RECORDS SUPPLIED:
◆ ◆ ◆
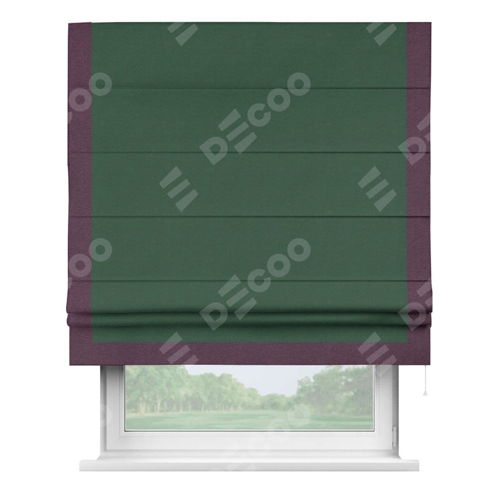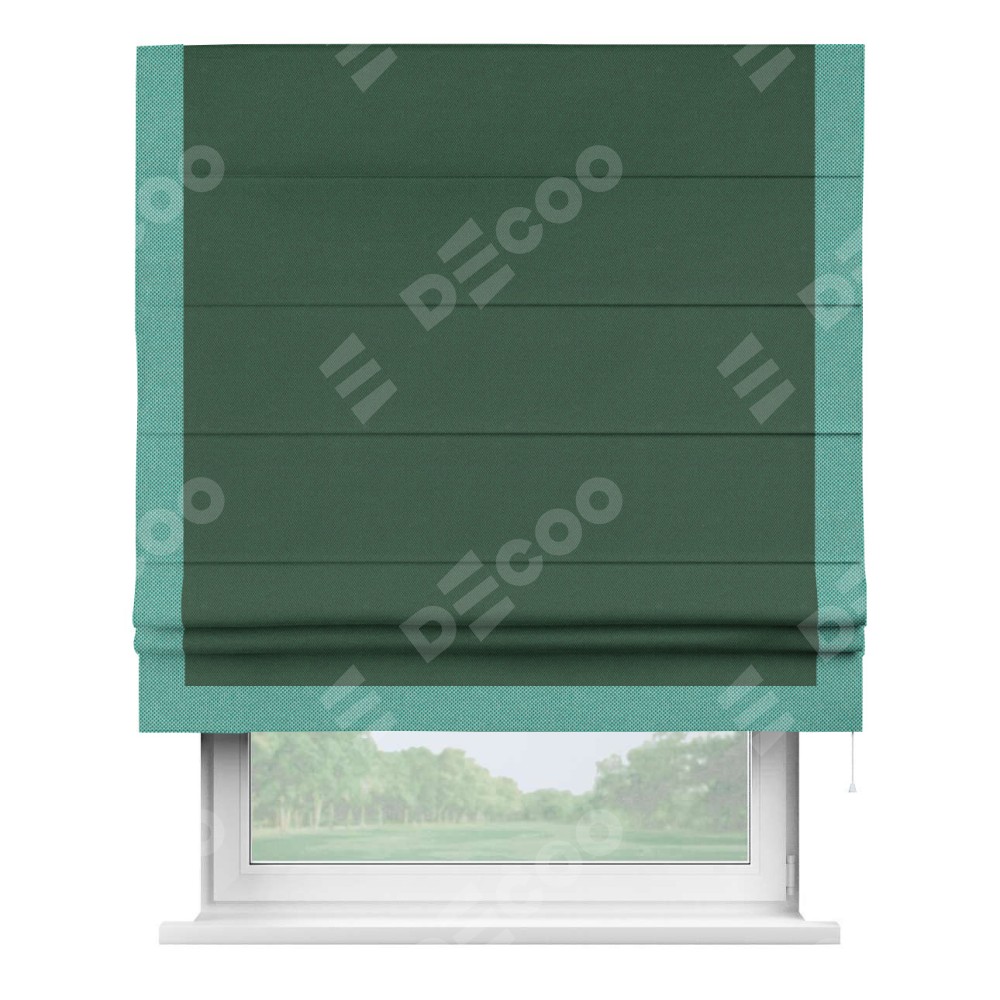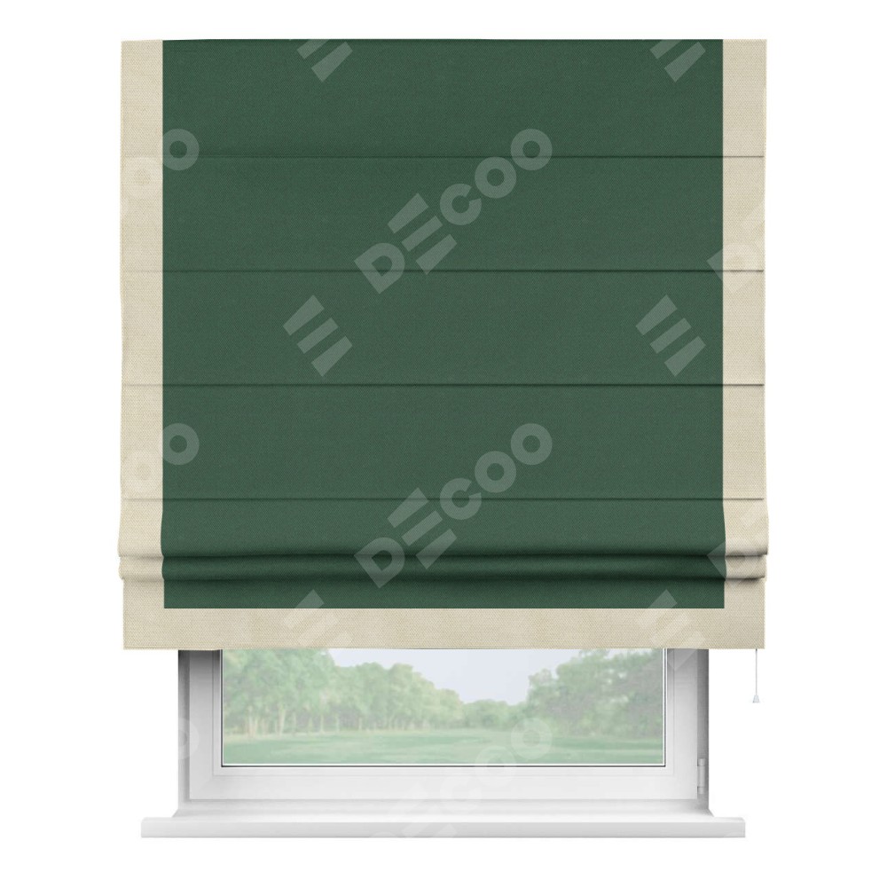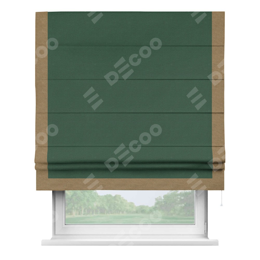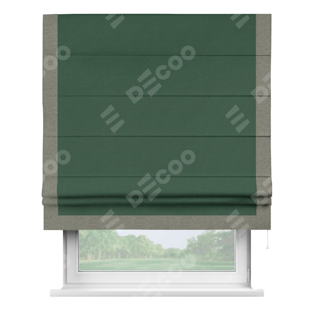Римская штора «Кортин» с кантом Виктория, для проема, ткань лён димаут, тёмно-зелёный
◆ ◆ ◆
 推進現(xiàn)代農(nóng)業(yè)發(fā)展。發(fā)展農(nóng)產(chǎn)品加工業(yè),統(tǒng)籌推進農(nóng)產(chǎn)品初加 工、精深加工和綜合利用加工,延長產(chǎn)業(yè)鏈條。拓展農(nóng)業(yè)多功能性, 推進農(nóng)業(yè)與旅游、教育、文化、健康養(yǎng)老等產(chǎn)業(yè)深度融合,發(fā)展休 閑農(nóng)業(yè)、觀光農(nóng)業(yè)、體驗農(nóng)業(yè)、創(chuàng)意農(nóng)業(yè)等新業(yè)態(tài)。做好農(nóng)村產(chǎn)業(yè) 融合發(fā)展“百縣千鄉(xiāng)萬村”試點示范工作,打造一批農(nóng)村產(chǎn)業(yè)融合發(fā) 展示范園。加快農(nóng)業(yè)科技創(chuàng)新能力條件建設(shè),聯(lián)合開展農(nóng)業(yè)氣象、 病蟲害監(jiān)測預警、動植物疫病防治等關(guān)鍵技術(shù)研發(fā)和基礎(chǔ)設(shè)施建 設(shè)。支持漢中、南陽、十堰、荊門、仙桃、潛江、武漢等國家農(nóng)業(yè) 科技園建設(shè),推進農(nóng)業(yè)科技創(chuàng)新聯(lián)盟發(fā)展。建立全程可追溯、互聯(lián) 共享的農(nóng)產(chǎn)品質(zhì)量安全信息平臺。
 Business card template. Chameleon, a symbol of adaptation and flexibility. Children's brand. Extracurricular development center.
◆ ◆ ◆
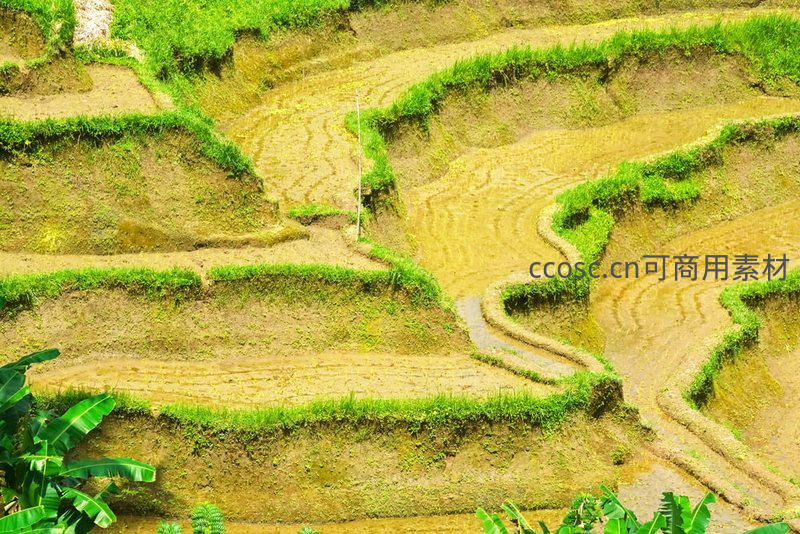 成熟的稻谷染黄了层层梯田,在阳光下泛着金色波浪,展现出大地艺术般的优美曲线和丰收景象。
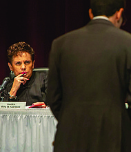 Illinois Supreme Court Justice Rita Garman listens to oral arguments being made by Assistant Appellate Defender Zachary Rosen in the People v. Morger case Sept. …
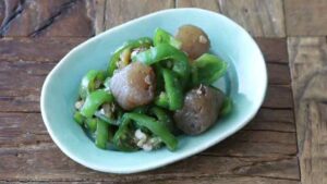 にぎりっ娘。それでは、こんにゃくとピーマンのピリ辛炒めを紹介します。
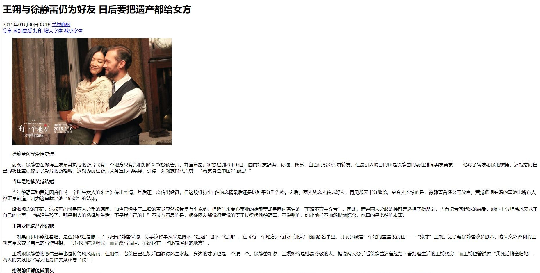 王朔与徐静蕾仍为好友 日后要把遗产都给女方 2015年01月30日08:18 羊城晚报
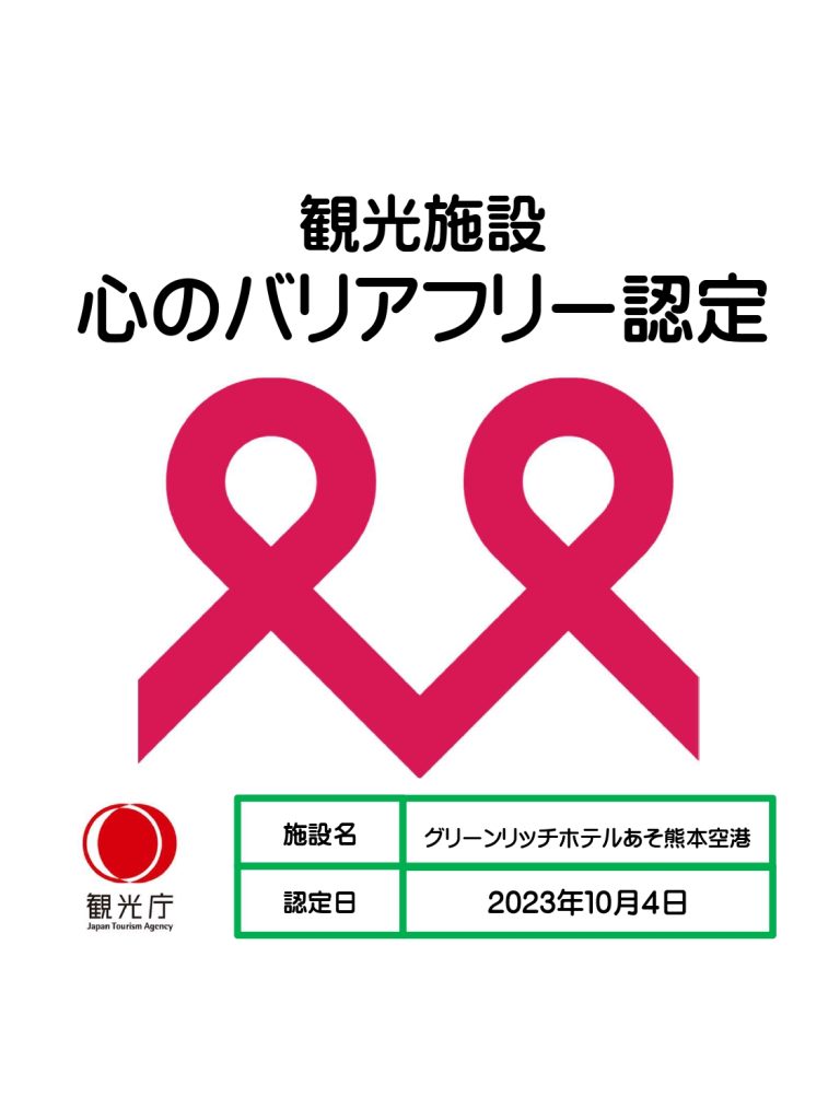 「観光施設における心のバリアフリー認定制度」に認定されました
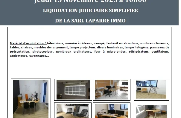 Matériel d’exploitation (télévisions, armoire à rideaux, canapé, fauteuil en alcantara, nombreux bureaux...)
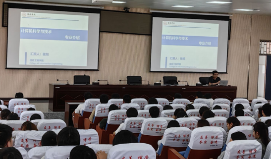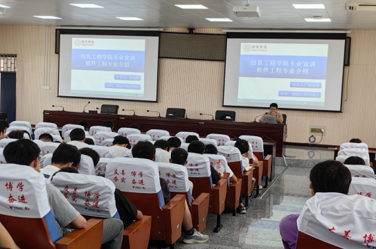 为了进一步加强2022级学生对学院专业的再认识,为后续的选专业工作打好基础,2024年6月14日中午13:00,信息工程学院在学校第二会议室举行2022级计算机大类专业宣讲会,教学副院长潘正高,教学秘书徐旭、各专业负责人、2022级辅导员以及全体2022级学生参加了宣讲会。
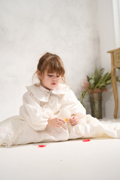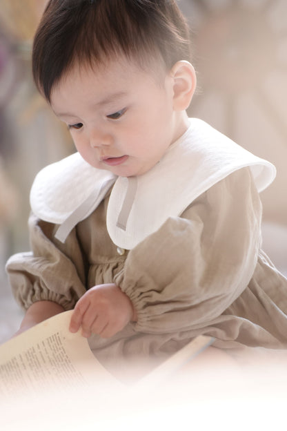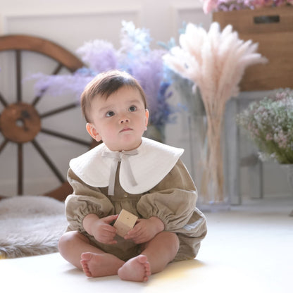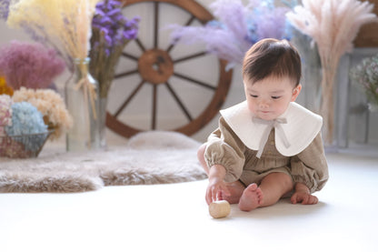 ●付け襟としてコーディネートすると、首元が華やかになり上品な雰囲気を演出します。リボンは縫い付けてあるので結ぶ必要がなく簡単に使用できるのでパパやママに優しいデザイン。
◆ ◆ ◆
Using the records above, repeat exactly the run of lines that starts with the line with "王朔与徐静蕾仍为好友 日后要把遗产都给女方 2015年01月30日08:18 羊城晚报" and goes on through the line with "为了进一步加强2022级学生"; omit each picture.

 王朔与徐静蕾仍为好友 日后要把遗产都给女方 2015年01月30日08:18 羊城晚报
 「観光施設における心のバリアフリー認定制度」に認定されました
 Matériel d’exploitation (télévisions, armoire à rideaux, canapé, fauteuil en alcantara, nombreux bureaux...)
 为了进一步加强2022级学生对学院专业的再认识,为后续的选专业工作打好基础,2024年6月14日中午13:00,信息工程学院在学校第二会议室举行2022级计算机大类专业宣讲会,教学副院长潘正高,教学秘书徐旭、各专业负责人、2022级辅导员以及全体2022级学生参加了宣讲会。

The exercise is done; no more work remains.